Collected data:
______________________________

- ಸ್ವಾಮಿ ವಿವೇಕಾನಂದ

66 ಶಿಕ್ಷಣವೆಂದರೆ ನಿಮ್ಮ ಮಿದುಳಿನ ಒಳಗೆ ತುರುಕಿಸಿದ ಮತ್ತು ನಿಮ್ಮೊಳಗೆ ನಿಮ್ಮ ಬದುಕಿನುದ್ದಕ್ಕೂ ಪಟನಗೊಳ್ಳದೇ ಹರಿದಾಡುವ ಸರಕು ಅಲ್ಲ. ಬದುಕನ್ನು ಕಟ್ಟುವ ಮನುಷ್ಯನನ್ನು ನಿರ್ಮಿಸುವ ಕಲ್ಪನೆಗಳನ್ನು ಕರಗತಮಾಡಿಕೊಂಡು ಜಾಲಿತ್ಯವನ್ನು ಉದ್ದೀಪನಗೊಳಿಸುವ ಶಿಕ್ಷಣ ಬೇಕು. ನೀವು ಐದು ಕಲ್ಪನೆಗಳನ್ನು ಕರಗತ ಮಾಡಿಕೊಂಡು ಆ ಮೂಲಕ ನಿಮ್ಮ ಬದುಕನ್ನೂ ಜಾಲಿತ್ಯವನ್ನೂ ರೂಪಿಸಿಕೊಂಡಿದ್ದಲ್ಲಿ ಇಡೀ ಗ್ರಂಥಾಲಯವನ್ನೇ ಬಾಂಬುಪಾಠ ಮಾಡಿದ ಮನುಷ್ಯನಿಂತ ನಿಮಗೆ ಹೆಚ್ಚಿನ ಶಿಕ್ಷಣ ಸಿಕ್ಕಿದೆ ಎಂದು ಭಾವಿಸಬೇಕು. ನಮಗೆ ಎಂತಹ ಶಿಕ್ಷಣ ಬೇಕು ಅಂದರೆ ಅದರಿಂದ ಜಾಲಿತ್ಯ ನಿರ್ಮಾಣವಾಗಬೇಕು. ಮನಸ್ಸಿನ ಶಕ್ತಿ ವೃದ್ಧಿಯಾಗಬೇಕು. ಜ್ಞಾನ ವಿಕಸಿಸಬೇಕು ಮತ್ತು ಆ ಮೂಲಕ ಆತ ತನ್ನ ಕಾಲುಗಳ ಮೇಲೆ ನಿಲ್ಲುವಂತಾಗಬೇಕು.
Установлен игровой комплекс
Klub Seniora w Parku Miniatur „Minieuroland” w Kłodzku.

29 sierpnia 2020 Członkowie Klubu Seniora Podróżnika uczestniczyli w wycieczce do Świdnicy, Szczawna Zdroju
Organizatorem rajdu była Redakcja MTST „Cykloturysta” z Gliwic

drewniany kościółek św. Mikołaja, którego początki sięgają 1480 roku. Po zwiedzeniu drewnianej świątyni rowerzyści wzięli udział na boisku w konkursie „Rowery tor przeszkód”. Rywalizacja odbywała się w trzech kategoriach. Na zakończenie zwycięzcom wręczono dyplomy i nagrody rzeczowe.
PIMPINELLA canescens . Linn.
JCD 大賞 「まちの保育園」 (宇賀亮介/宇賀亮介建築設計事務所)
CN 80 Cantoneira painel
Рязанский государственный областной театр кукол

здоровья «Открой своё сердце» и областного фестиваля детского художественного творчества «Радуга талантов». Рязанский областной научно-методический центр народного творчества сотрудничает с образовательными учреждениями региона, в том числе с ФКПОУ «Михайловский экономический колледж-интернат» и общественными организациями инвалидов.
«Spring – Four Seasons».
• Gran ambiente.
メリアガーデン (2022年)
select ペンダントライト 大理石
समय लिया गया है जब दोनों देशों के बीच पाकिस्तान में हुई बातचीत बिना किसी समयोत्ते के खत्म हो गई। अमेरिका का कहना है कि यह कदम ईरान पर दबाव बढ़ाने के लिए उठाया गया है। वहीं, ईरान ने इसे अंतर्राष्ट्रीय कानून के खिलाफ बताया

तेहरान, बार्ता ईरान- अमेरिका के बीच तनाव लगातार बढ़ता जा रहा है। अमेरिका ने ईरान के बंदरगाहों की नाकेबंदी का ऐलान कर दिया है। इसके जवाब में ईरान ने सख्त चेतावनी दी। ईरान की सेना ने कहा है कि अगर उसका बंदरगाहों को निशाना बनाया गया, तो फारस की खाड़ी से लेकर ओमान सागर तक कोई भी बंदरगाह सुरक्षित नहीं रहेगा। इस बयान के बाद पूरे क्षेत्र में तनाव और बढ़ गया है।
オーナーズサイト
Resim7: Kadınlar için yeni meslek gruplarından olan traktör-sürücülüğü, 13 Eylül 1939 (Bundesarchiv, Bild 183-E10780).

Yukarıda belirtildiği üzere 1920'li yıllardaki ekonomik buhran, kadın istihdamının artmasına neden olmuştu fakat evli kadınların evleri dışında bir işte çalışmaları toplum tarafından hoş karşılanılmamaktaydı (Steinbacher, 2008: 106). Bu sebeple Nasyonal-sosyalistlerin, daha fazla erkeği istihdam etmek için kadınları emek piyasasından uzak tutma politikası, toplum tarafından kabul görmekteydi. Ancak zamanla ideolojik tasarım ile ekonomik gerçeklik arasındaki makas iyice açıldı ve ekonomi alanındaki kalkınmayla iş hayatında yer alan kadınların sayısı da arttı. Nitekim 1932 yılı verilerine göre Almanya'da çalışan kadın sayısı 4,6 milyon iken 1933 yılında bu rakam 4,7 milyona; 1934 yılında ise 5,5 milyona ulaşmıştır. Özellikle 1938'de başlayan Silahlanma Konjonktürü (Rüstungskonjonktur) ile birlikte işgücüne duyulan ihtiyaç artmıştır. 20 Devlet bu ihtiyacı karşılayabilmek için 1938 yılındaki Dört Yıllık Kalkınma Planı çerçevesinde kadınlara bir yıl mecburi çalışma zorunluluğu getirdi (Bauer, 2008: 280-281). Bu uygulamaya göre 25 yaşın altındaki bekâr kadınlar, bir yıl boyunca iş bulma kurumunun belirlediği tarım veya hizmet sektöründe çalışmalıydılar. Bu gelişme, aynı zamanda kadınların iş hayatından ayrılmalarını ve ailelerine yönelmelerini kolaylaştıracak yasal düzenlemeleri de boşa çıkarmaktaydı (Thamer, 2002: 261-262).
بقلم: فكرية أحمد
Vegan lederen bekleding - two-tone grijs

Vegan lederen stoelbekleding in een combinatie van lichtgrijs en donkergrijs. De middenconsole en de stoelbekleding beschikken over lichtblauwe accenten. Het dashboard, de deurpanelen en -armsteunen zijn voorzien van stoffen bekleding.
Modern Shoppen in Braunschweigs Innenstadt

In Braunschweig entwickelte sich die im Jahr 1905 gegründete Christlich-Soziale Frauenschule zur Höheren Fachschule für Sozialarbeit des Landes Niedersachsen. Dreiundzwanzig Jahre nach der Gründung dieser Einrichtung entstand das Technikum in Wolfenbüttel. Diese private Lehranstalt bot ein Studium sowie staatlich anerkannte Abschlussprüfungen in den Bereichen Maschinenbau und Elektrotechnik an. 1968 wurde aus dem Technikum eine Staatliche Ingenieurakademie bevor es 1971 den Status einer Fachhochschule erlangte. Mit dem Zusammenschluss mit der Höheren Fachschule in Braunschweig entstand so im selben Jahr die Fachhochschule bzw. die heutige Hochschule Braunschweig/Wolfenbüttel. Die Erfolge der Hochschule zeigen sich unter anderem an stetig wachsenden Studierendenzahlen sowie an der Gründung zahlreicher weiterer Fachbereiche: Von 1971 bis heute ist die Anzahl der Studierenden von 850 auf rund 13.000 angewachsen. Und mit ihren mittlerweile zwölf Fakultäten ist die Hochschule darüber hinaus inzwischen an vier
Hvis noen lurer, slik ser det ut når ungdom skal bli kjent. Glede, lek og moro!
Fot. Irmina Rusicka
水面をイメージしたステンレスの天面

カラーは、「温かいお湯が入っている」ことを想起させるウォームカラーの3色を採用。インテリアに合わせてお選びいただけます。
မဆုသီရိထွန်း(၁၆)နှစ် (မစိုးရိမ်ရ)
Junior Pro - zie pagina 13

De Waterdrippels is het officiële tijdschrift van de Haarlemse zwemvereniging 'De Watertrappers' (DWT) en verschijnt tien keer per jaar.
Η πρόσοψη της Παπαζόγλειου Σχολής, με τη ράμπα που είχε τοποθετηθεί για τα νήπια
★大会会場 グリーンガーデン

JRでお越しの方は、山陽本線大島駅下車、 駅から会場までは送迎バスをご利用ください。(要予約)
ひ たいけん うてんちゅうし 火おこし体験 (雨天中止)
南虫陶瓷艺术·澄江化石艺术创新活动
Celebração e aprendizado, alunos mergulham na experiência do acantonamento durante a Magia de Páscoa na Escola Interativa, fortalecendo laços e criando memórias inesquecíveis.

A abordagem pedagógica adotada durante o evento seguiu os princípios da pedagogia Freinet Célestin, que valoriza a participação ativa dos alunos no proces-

______________________________

● **GOAL OF THE EXERCISE**
Please return every line of the records above that contains the word "lederen".

● **EXERCISE ANSWER**
Vegan lederen bekleding - two-tone grijs
Vegan lederen stoelbekleding in een combinatie van lichtgrijs en donkergrijs. De middenconsole en de stoelbekleding beschikken over lichtblauwe accenten. Het dashboard, de deurpanelen en -armsteunen zijn voorzien van stoffen bekleding.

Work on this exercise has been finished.